• **Records shown**
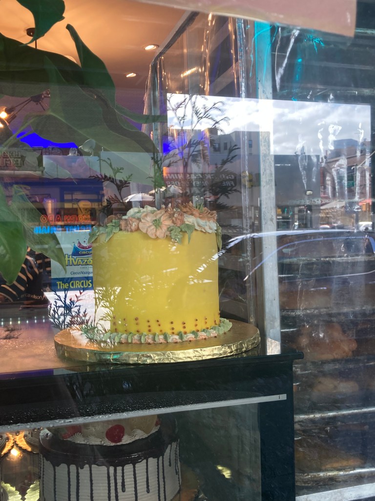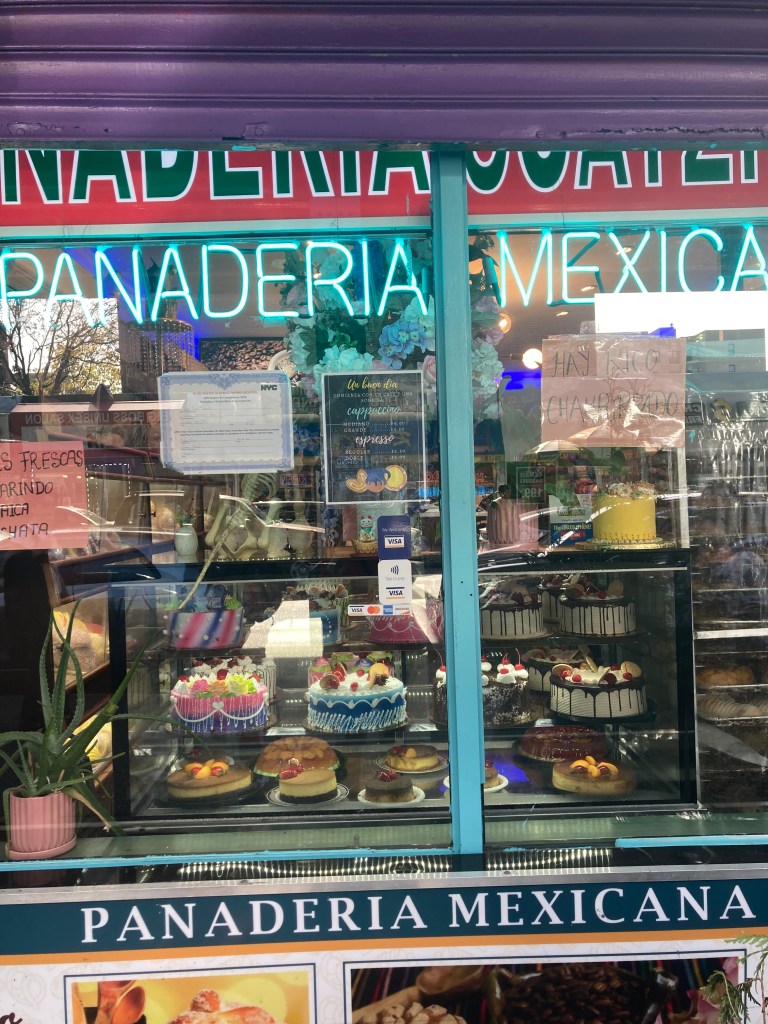 I started to look for an Indian restaurant to order our takeout dinner and was distracted momentarily by a display of colorful cakes in the window of a Mexican bakery and of course I had to go inside. The counter person was a lovely young woman who proudly showed me the different breads , cakes and pastries.
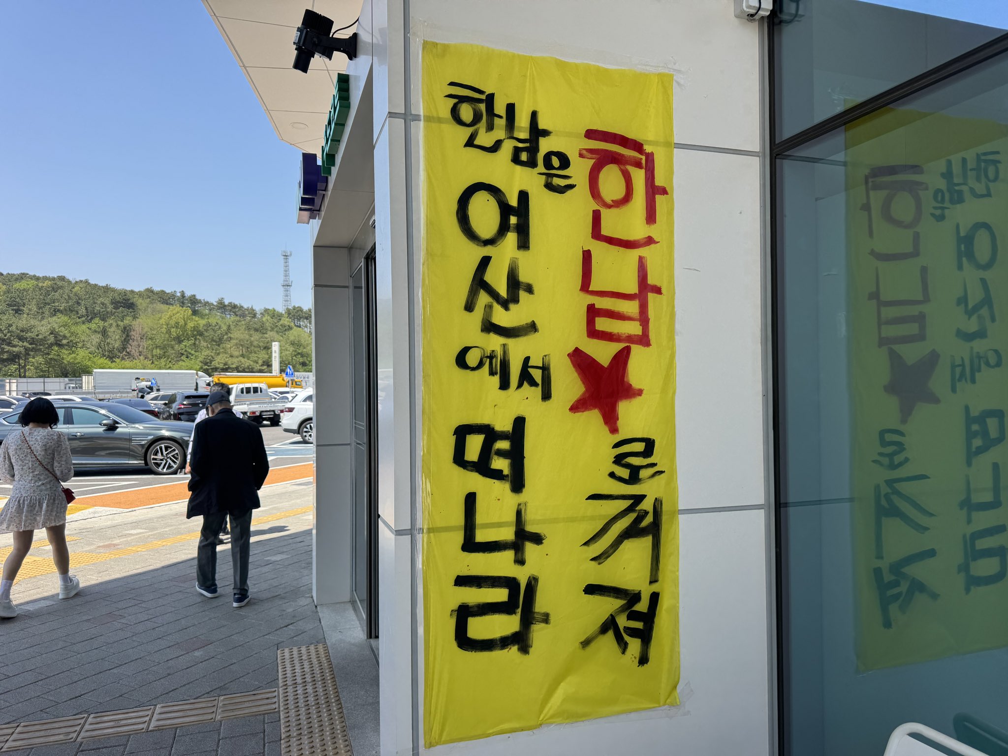 익산시 여산면의 여산(礪山)과 한자는 알 수 없지만 한남(韓男)은 분명 아닐 거라 생각되는 한남상사가 엮여 성별갈등으로 인한 대립을 연상시켰습니다만, 노조와 사측의 갈등으로 인해 걸린 현수막이었습니다.
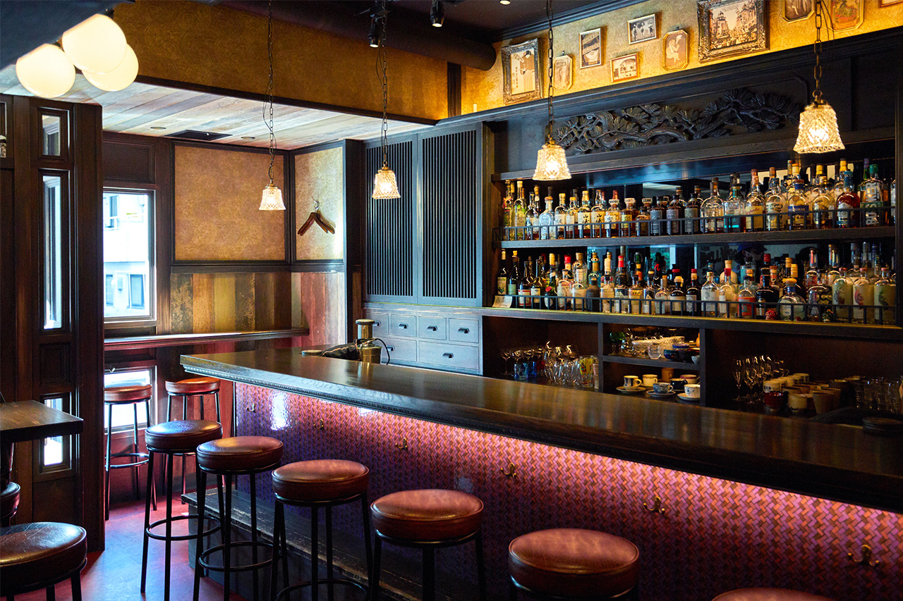 渋谷にあるバー「THE BELLWOOD」のレトロモダンな空間。あえてアンティークを使わず、現代の素材にエイジング加工を施した木材や、ヨーロッパの壁紙、現行品の幾何学模様パネルを組み合わせることで、唯一無二の世界観を構築しています。「和」という枠組みの中で、ストーリー性のある装飾をどう楽しむかのヒントが詰まっています。
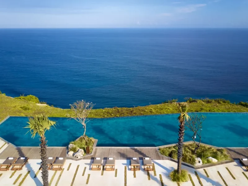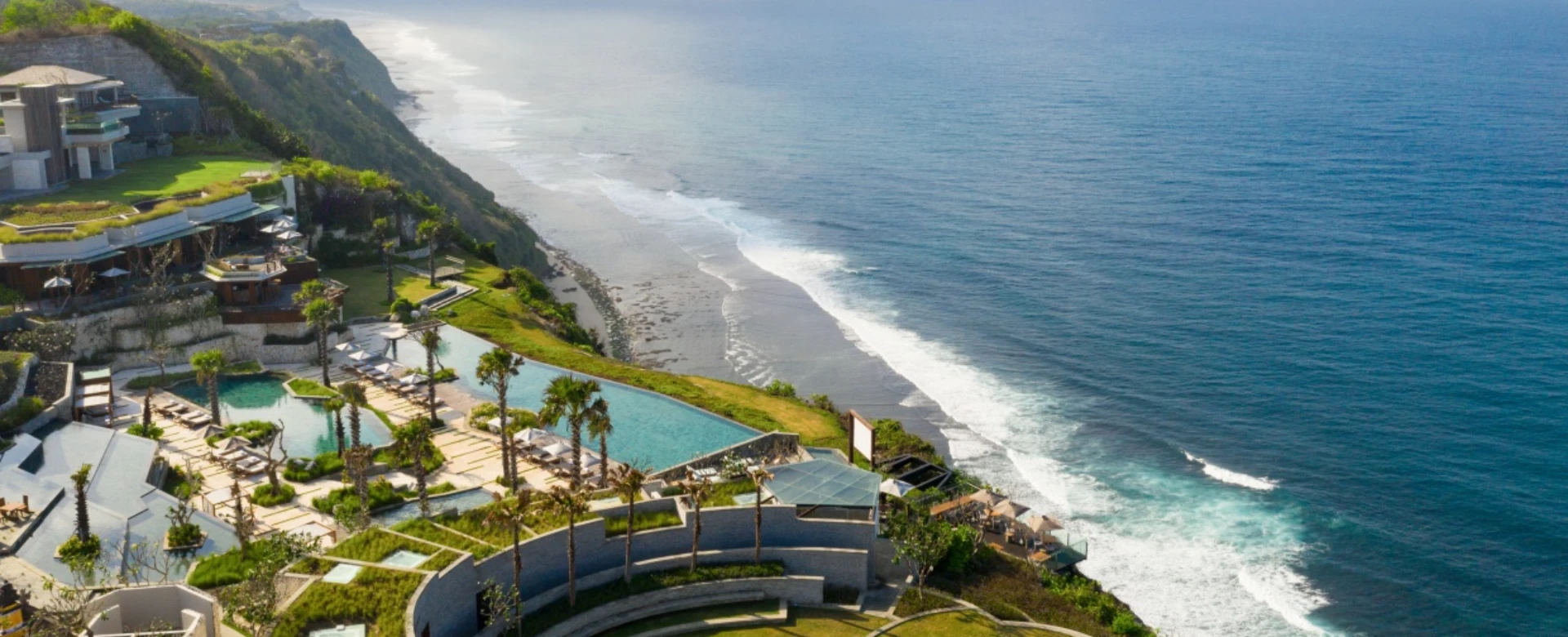 Located on top of the cliffs at the southernmost tip of Bali where the site of Pura Uluwatu is located, the sacred temple considered one of the island’s core spiritual pillars. Here at Uluwatu resort, tradition mixes with beautiful beaches, great surf breaks and an eclectic wellness and dining scene. The setting of this beautiful Balinese inspired resort is breathtaking, with dramatic views of the Indian Ocean from atop the limestone cliffs and uninterrupted ocean views from all facets of the resort.This is Bali’s only green resort certified by the World Green Council
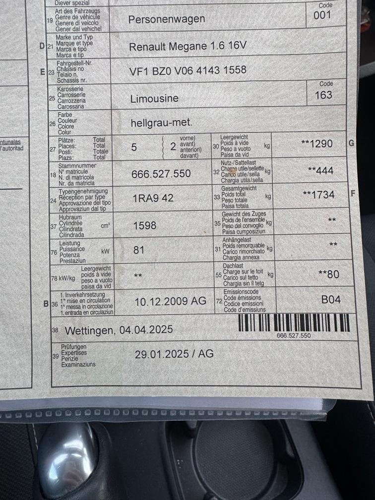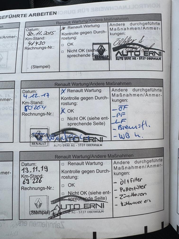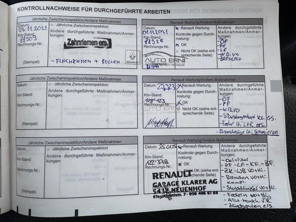 **Es wurden am 25.01.2025 diverse Arbeiten am Fahrzeug ausgeführt: Service, Öl, Ölfilter, Pollenfilter, Luftfilter, Kraftstofffilter, Zündkerzen, Bremsflüssigkeit Wechsel, Wischerblätter vorne und hinten, Bremsen vorne und hinten komplett, Stossdämpfer vorne und hinten ersetzt, Federn vorne und hinten ersetzt, Antriebswellenmanschette VR ersetzt, Zündspulen ersetzt, MFK 29.01.2025** Am Fahrzeug wurde kein Werkstatttest gemacht (Für sichtbare oder nicht sichtbare Mängel wird nicht gehaftet). Wir testen & kontrollieren nicht alle Funktionen vom Fahrzeug. Das Risiko liegt somit vollumfänglich beim Käufer. Fahrzeug kann gegen Voranmeldung besichtigt werden. Nachdem der Höchstbietende den Zuschlag erhalten hat, gibt es keine Nachverhandlung, auch wenn nicht deklarierte Mängel zum Vorschein kommen sollten. Ab Platz ohne Garantie, Wandelung und Minderung werden wegbedungen. Fahrzeug ab Platz und ohne Garantie. Bitte innerhalb 5 Arbeitstagen abholen.
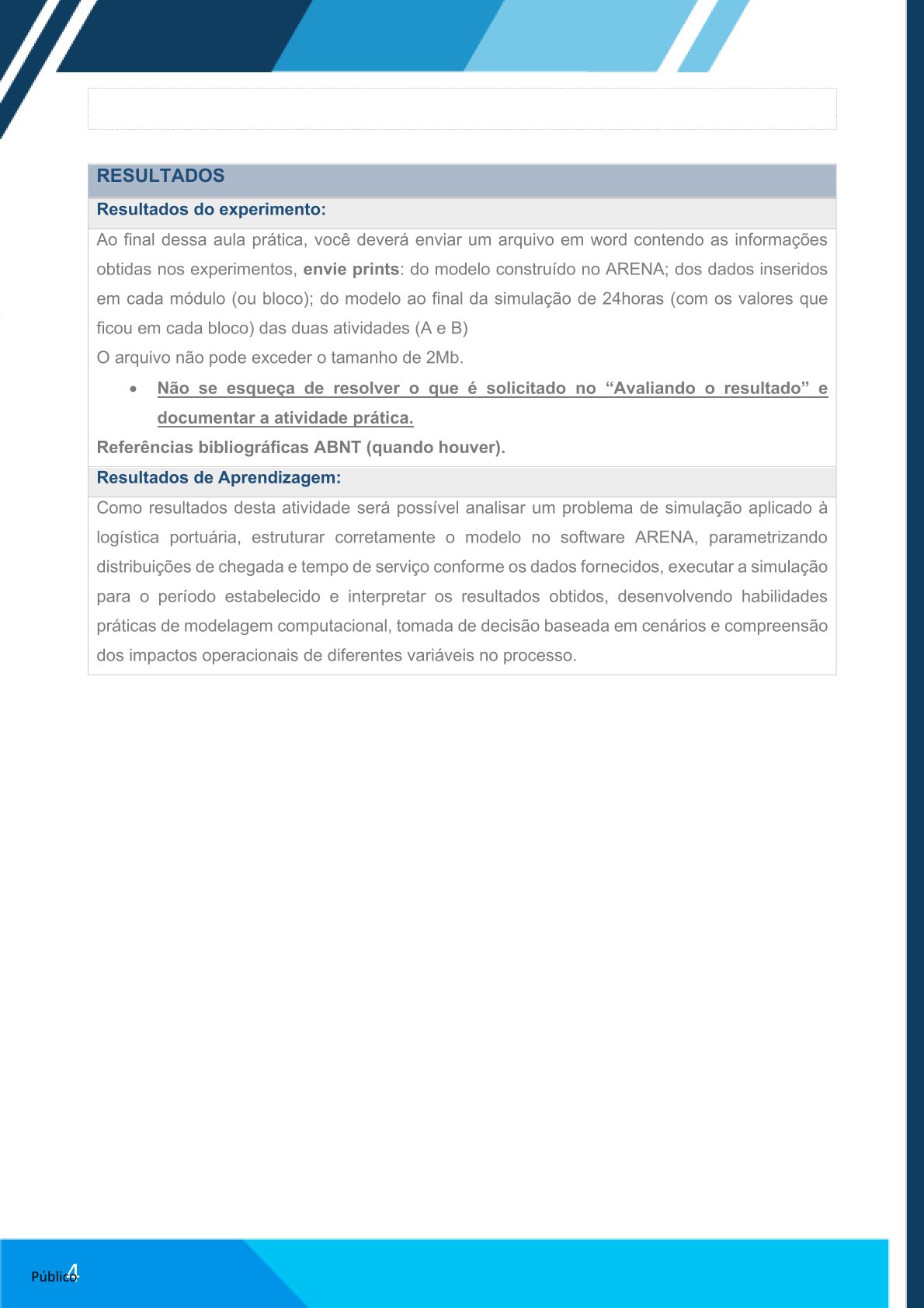 Como resultados desta atividade será possível analisar um problema de simulação aplicado à logística portuária, estruturar corretamente o modelo no software ARENA, parametrizando distribuições de chegada e tempo de serviço conforme os dados fornecidos, executar a simulação para o período estabelecido e interpretar os resultados obtidos, desenvolvendo habilidades práticas de modelagem computacional, tomada de decisão baseada em cenários e compreensão dos impactos operacionais de diferentes variáveis no processo.
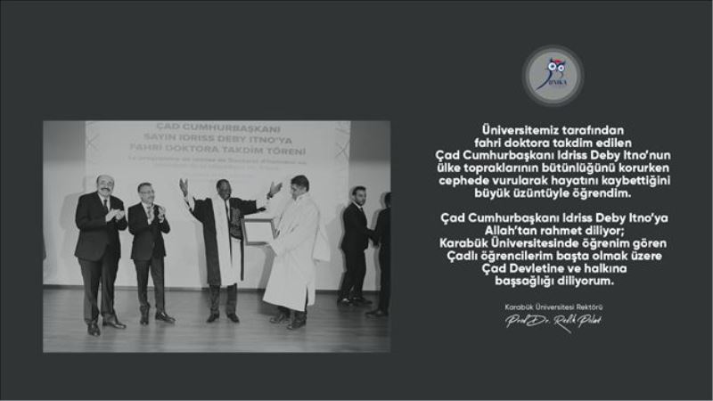 Rektör Polat mesajında, “Üniversitemiz tarafından Fahri Doktora takdim edilen Çad Cumhurbaşkanı Idriss Deby Itno´nun ülke topraklarının bütünlüğünü korurken cephede vurularak hayatını kaybettiğini büyük üzüntüyle öğrendim. Çad Cumhurbaşkanı Idriss Deby Itno´ya Allah´tan rahmet diliyor; Karabük Üniversitesinde öğrenim gören Çadlı öğrencilerim başta olmak üzere Çad Devletine ve halkına başsağlığı diliyorum.” dedi.
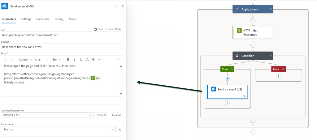 Tämä ei kuitenkaan riitä. Uudet vastaukset ilmestyvät Excel-tiedostoon vasta kun se avataan. Täydennetään ratkaisua siten, että uusista vastauksista lähetetään tieto vastuuhenkilölle, joka riemukseen saa luvan käydä avaamassa vastaavat Excel-tiedostot. Jotta raportit pysyvät ajantasalla.
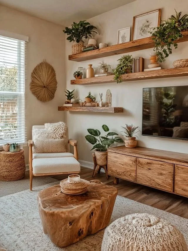 Natural wood and woven fibers create a stunning Cozy Living Room full of earthy charm. You will love how the floating timber shelves provide a perfect stage for trailing indoor plants and vintage books. I find that mixing wood grains with soft cream textiles adds immediate warmth to any seating area.
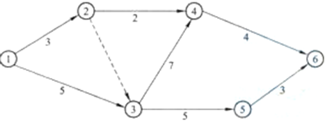 3335.某分部工程双代号网络计划如下图所示,有七项工作组成。其中工作3—5最迟开始时间为()天。
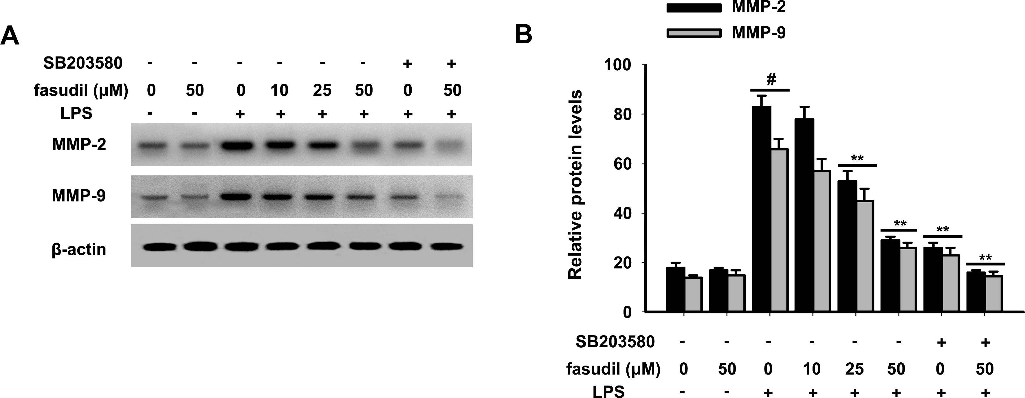 or absence of fasudil (50 μM) for 6 h in LPS-stimulated RMG cells. B: The relative protein band intensities were quantified with densitometric analyses and normalized to β-actin, MMP-2, and
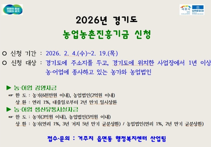 [뉴스노크=김인호 기자] 이천시는 농업인에게 장기·저리 융자 지원을 실시하고 경영안정을 돕기 위해 2026년 경기도 농업농촌진흥기금 농어업 경영자금, 농어업 생산유통시설자금 사업에 대한 신청을 2월 3일부터 접수한다.

• **Task details**
In your copy, reproduce the data above exactly and skip every picture.

• **Problem solution**
 I started to look for an Indian restaurant to order our takeout dinner and was distracted momentarily by a display of colorful cakes in the window of a Mexican bakery and of course I had to go inside. The counter person was a lovely young woman who proudly showed me the different breads , cakes and pastries.
 익산시 여산면의 여산(礪山)과 한자는 알 수 없지만 한남(韓男)은 분명 아닐 거라 생각되는 한남상사가 엮여 성별갈등으로 인한 대립을 연상시켰습니다만, 노조와 사측의 갈등으로 인해 걸린 현수막이었습니다.
 渋谷にあるバー「THE BELLWOOD」のレトロモダンな空間。あえてアンティークを使わず、現代の素材にエイジング加工を施した木材や、ヨーロッパの壁紙、現行品の幾何学模様パネルを組み合わせることで、唯一無二の世界観を構築しています。「和」という枠組みの中で、ストーリー性のある装飾をどう楽しむかのヒントが詰まっています。
 Located on top of the cliffs at the southernmost tip of Bali where the site of Pura Uluwatu is located, the sacred temple considered one of the island’s core spiritual pillars. Here at Uluwatu resort, tradition mixes with beautiful beaches, great surf breaks and an eclectic wellness and dining scene. The setting of this beautiful Balinese inspired resort is breathtaking, with dramatic views of the Indian Ocean from atop the limestone cliffs and uninterrupted ocean views from all facets of the resort.This is Bali’s only green resort certified by the World Green Council
 **Es wurden am 25.01.2025 diverse Arbeiten am Fahrzeug ausgeführt: Service, Öl, Ölfilter, Pollenfilter, Luftfilter, Kraftstofffilter, Zündkerzen, Bremsflüssigkeit Wechsel, Wischerblätter vorne und hinten, Bremsen vorne und hinten komplett, Stossdämpfer vorne und hinten ersetzt, Federn vorne und hinten ersetzt, Antriebswellenmanschette VR ersetzt, Zündspulen ersetzt, MFK 29.01.2025** Am Fahrzeug wurde kein Werkstatttest gemacht (Für sichtbare oder nicht sichtbare Mängel wird nicht gehaftet). Wir testen & kontrollieren nicht alle Funktionen vom Fahrzeug. Das Risiko liegt somit vollumfänglich beim Käufer. Fahrzeug kann gegen Voranmeldung besichtigt werden. Nachdem der Höchstbietende den Zuschlag erhalten hat, gibt es keine Nachverhandlung, auch wenn nicht deklarierte Mängel zum Vorschein kommen sollten. Ab Platz ohne Garantie, Wandelung und Minderung werden wegbedungen. Fahrzeug ab Platz und ohne Garantie. Bitte innerhalb 5 Arbeitstagen abholen.
 Como resultados desta atividade será possível analisar um problema de simulação aplicado à logística portuária, estruturar corretamente o modelo no software ARENA, parametrizando distribuições de chegada e tempo de serviço conforme os dados fornecidos, executar a simulação para o período estabelecido e interpretar os resultados obtidos, desenvolvendo habilidades práticas de modelagem computacional, tomada de decisão baseada em cenários e compreensão dos impactos operacionais de diferentes variáveis no processo.
 Rektör Polat mesajında, “Üniversitemiz tarafından Fahri Doktora takdim edilen Çad Cumhurbaşkanı Idriss Deby Itno´nun ülke topraklarının bütünlüğünü korurken cephede vurularak hayatını kaybettiğini büyük üzüntüyle öğrendim. Çad Cumhurbaşkanı Idriss Deby Itno´ya Allah´tan rahmet diliyor; Karabük Üniversitesinde öğrenim gören Çadlı öğrencilerim başta olmak üzere Çad Devletine ve halkına başsağlığı diliyorum.” dedi.
 Tämä ei kuitenkaan riitä. Uudet vastaukset ilmestyvät Excel-tiedostoon vasta kun se avataan. Täydennetään ratkaisua siten, että uusista vastauksista lähetetään tieto vastuuhenkilölle, joka riemukseen saa luvan käydä avaamassa vastaavat Excel-tiedostot. Jotta raportit pysyvät ajantasalla.
 Natural wood and woven fibers create a stunning Cozy Living Room full of earthy charm. You will love how the floating timber shelves provide a perfect stage for trailing indoor plants and vintage books. I find that mixing wood grains with soft cream textiles adds immediate warmth to any seating area.
 3335.某分部工程双代号网络计划如下图所示,有七项工作组成。其中工作3—5最迟开始时间为()天。
 or absence of fasudil (50 μM) for 6 h in LPS-stimulated RMG cells. B: The relative protein band intensities were quantified with densitometric analyses and normalized to β-actin, MMP-2, and
 [뉴스노크=김인호 기자] 이천시는 농업인에게 장기·저리 융자 지원을 실시하고 경영안정을 돕기 위해 2026년 경기도 농업농촌진흥기금 농어업 경영자금, 농어업 생산유통시설자금 사업에 대한 신청을 2월 3일부터 접수한다.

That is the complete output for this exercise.